At a meeting with media executives discussing a series of changes to the platform in Sydney, Australia, last week, Facebook’s head of news partnerships Campbell Brown finally said what everybody already knew. “Mark [Zuckerberg] doesn’t care about publishers,” she told the meeting participants. Nevertheless, she said, her boss “is giving me a lot of leeway and concessions to make these changes.” Without Facebook’s help, she said, “the reverse looks like I’ll be holding your hands with your dying business like in a hospice.” (The quotes were originally reported in the Australian.)
Grim — but also accurate. For several years beginning around 2011, Facebook’s News Feed served as a firehose of traffic, where one widely shared link could result in astronomical attention. Many websites tried to turn Facebook optimization into a science and chased those clicks for longer than they maybe should have, drastically pivoting (to things like video) in the hopes of appeasing the Facebook gods. The ebbing of News Feed traffic has widespread consequences for the news business. As Nieman Lab highlights, Brown also reportedly said this:
Great! That old world absolutely sucked and made the internet ecosystem a discernibly worse place.
Sometime around 2012, the ecology of digital publishing underwent an epochal shift: Facebook overtook Google as the top traffic source on the web. Prior to Facebook, the best way to reliably obtain traffic was through search-engine optimization, formatting web content so that it would rank highly within search engines. SEO is a sort of guessing game, a digital Jeopardy! in which the person creating web content tries to think of the query that will get users to their web content. It’s why an article might be headlined “What Time Is the Super Bowl?” instead of “The Super Bowl Is Coming Up Soon.”

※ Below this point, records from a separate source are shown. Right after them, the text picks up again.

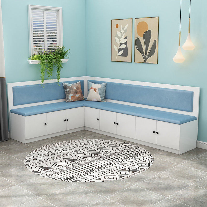 Customized simple small-sized restaurant solid wood storage card seat home dining table and chair combination corner L-shaped card seat sofa
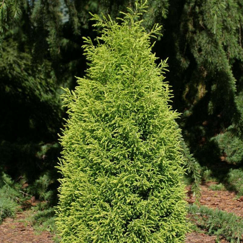 'Gold Cone' creates a columnar form with luminescent, bright golden yellow foliage in spring and summer. This easy, narrow plant offers a wonderful contrasting form and color for many types of gardens.
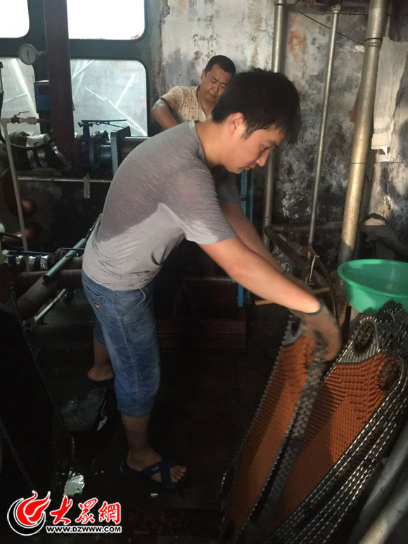 下午4時(shí)左右,大眾網(wǎng)記者來到位于丹陽路上的國稅局家屬院。家屬院角落處的供熱設(shè)備機(jī)房內(nèi)悶熱狹小,空氣流通不暢,大眾網(wǎng)記者剛進(jìn)去一小會就已經(jīng)汗流浹背。正在清洗換熱器的供暖管理員們有的光著膀子作業(yè),身上水光锃亮,有的脖子上掛著毛巾,但沒過幾分鐘剛在水管洗凈擰干的毛巾又已經(jīng)滿是汗水。
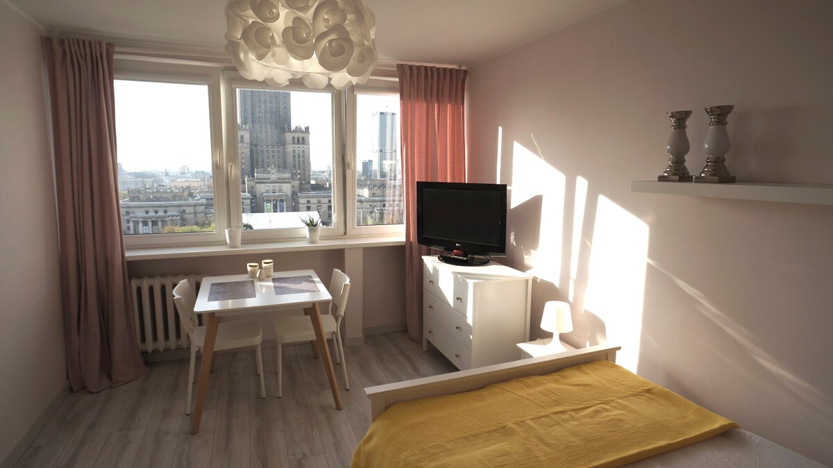 Estudio luminoso, limpio y acogedor de 2 niveles (26 m2). Abajo: baño, cocina, sala de estar, cómodo sofá, escritorio junto a una ventana de 3 metros. Arriba: cómoda cama doble, armario, escritorio. El estudio está totalmente equipado (también hay wifi). Está situado en una zona tranquila junto a la Ruta Real (la parte más representativa de Varsovia). Parque, tiendas, restaurantes y gimnasio cerca. Es perfecto para: - turistas que buscan un punto de partida para hacer turismo - Viajeros de negocios. - personas que buscan un lugar acogedor y tranquilo para descansar :)
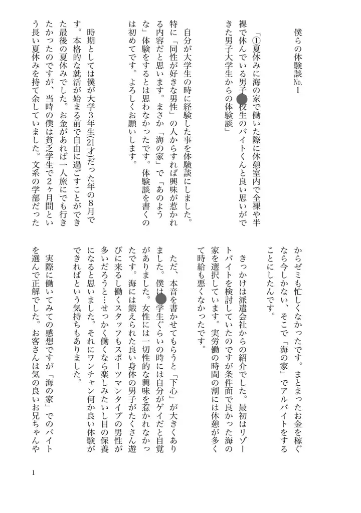 「(1)夏休みに海の家で働いた際に休憩室内で全裸や半裸で休んでいる若いバイトくんと良い思いができた男子大学生からの体験談」「(2)飲み会帰りに同僚と大人のお店に行った際に密かに好意を抱いていた同期の男子が風俗嬢にヌイてもらっているところを見れた話」
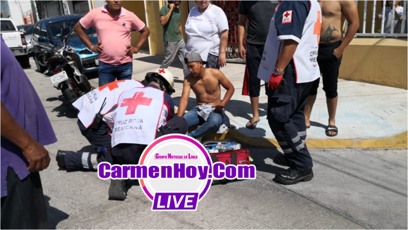 El accidente se registró sobre la avenida las Américas por calle José María Morelos y Pavón de la Colonia Francisco I Madero lugar hasta donde arribaron técnicos en urgencias para valorar al joven quien presentaba abundante sangrado en la herida del pie.
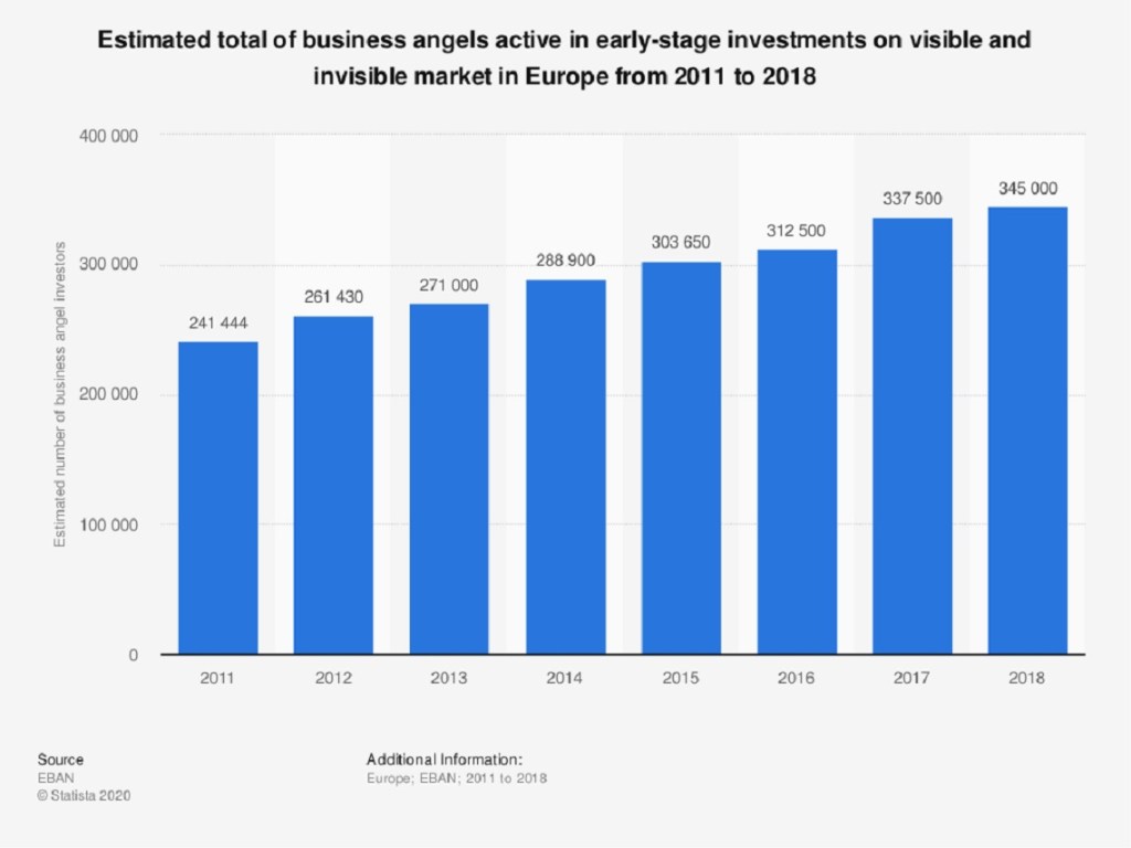 En el año 2018 el número de business angels activos en Europa se situó en 345 000 personas, mientras que en el mercado español operan más de 3 000 inversores de esta tipología. Según un informe publicado en 2019 por la Asociación Española de Business Angels Networks (AEBAN) de 2019, los sectores más populares entre los inversores españoles son: software (56 %), banca y finanzas (31 %) y ocio y comercio (22 %), por delante de actividades relacionadas con la salud, la biotecnología y la farmacia. La AEBAN cuenta con 35 redes de ángeles inversores.

Facebook’s rising dominance as a referrer led to a different type of work, content that was optimized for social media. The key to a good piece of Facebook-optimized content was that it was emotionally intelligent, often in an exaggerated manner. It wasn’t just 21 pictures that will make you feel good; it’s “21 Pictures That Will Restore Your Faith in Humanity.” A celebrity didn’t just wear a ritzy dress, they wore a ritzy dress “and I Can’t Even.”